Favorite Travel Tools and Books

Home again! After three weeks on the road we were ready for our trip to come to an end.  It was a complex trip with multiple cities and genealogy research, but it all came off according to plan with the exception of frequent rainy weather.  One of the big reasons for its success was our reliance on a GPS unit both in driving and as pedestrians.  Each trip I make has some new technology to smooth the road.  On my last trip I purchased a net book and a Kindle.  The net book allowed me to post this blog, organize photos and communicate by Google video chat.  The Kindle allowed me to travel light with an extensive library.  On one of our last driving trips my husband swore that next time we were only driving if we had GPS.  That was after we passed our turnoff to Ronda, Spain and ended up in Malaga.

Before our departure I began to research GPS units.  My objective was something reasonably inexpensive with European maps included rather than requiring separate purchase.  That led me to the Garmen 275 which includes European maps and can be used for pedestrian, bike or car travel. 
With my usual belt and suspenders approach we also got a rental car with GPS.  We found it difficult to program and the only instructions were in Polish so we were grateful that we brought our own.

My husband started testing the GPS for bike travel before our departure.  As you can choose the type of vehicle that is shown on the screen we went through Poland on a virtual blue bike.  I am used to using GPS in my Prius so that is my reference point. That unit dings before a turn, while the Garmin does not.  It took awhile to focus in on turning when it got to 100 feet instead of listening for the ding and we missed a few turns before we adjusted.  The GPS also wants to make you circle rather than finding another route.

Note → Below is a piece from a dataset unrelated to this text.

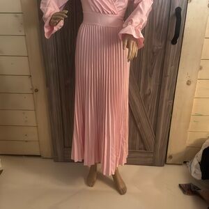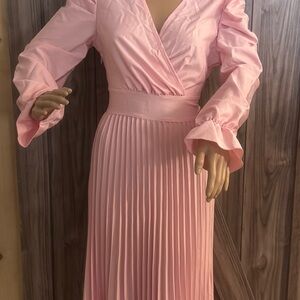 This elegant pink wrap dress features a flattering pleated skirt and stylish long sleeves. Perfect for any occasion, it offers both comfort and style.

Overall it did a good job of telling us when to turn, but given the difficult Polish names it was easier to recognize our turn by watching for the street name on the screen.  Occasionally we'd lose the signal, but within a few miles it was back.  Over the course of our trip we learned how to program it with specific locations so we could easily retrieve them.  It can be set to tell you the time to a destination or the estimated time of arrival and was fairly accurate.  Driving in Poland takes longer, but it seemed to allow for that.  We especially liked a feature that told us the speed limit and the speed we were going.  The GPS can be set for miles or kilometers and we found it helpful to think in miles.

While the GPS worked well for driving it was less useful for pedestrian travel.  Part of the challenge was determining which direction to go at the start.  Slower movement made it harder to quickly gauge if we were going in the right direction.  The features and price of the Garmen 275 made it a very good investment for European travel. Now that we've returned my husband has purchased a bike mount for it and put it to use between European trips.

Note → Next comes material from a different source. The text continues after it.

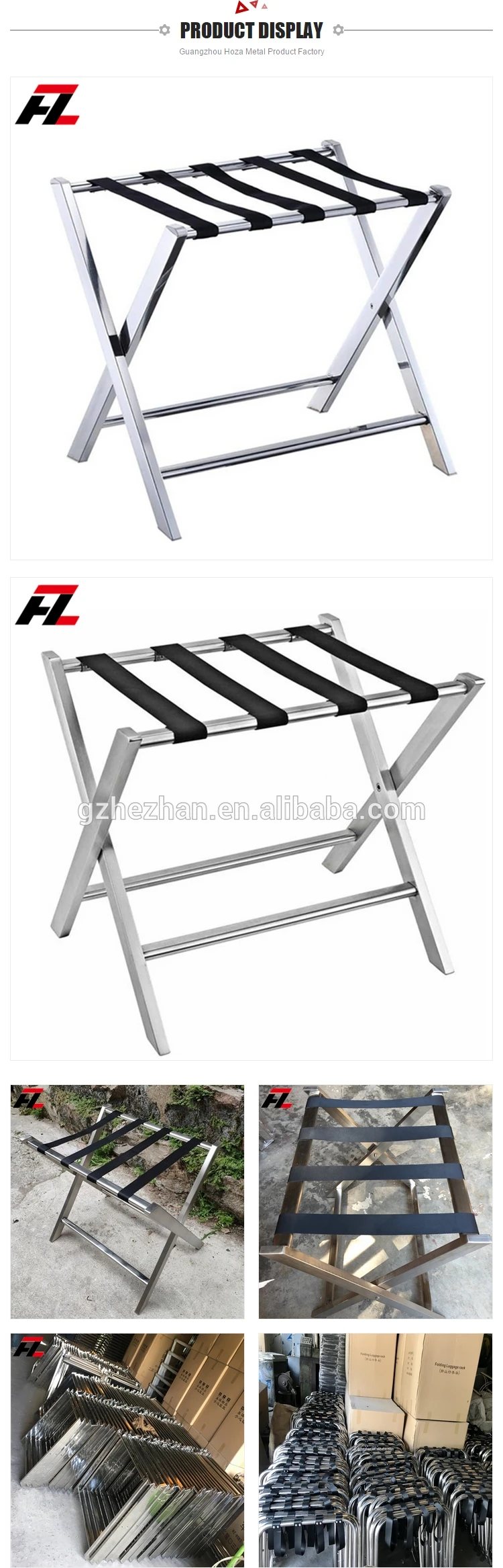 Guangzhou Hoza Metal Product Factory Guangzhou Huangze Hotel Article Co.,Ltd. Hoza was established in 1984, has been a dedicated stainless-steel manufacturer for over 30 years. The corporate philosophy is always hews to high-quality, sincerity and complete services. Such has turned HZ into a well-known industry in Guangzhou. Hoza holds 3 production workshop . One is aims at outputting stainless-steel products, including luggage rack ,umbrella stands, ashtrays, and display stands and so on . The order one is mainly responsible for churning out relatively large-sized items, such as trash bins, work tables, utility carts etc.Third workshop is focus on doing the wood item such us baby cot wooden bin ,podium and so on HOZA has always endeavored for perfection by purchasing the most advanced equipment and by keeping a highly skilled and experienced workforce, with one definite goal-to achieve the possible highest quality. In addition, HOZA provides OEM and ODM services to meet customer''s needs. For years, HOZA has been exporting its products to other countries, winning international trust and support.

When I travel I always try to read topical literature  that relates to my destination.  I had read quite a bit of non-fiction prior to our trip, but shifted to novels during our travels.  One of the books which we both read was "The Zookeeper's Wife" by Diane Akerman.
 The book is based on the true story of the Warsaw zookeeper and his wife who worked with the Underground and hid 300 Jews within the zoo.  When we found their photos at the Jewish Historical Institute among the "Righteous" we felt as if we knew them.  The book gave an interesting historical perspective on the impact of the war on Warsaw, the scope of the Uprising and an appreciation for the many Poles who saved Jews in Warsaw.  We only wished we had time to visit the zoo while in Warsaw after having read the book.

One of the other books that I read is titled "Not Me" by Michael Lavigne,
a book with an interesting premise.  The main character, Michael Rosenheim, is a standup comic whose father was believed to be a survivor and worked actively to support the Jewish community.  As his father is dying, Michael finds his father's journals from which he learns that his father was an accountant for the Nazis who faked being a survivor. At first I thought an accountant seemed rather innocuous until I realized he was accounting for hair shorn from the murdered and watches and belongings confiscated before their death. His father had served at Madjanek which we visited early in our trip. The story is in large part about how the son comes to terms with his father and his history, but it is also about how his father journeys from Nazi ideology to truly becoming what was originally a masquerade.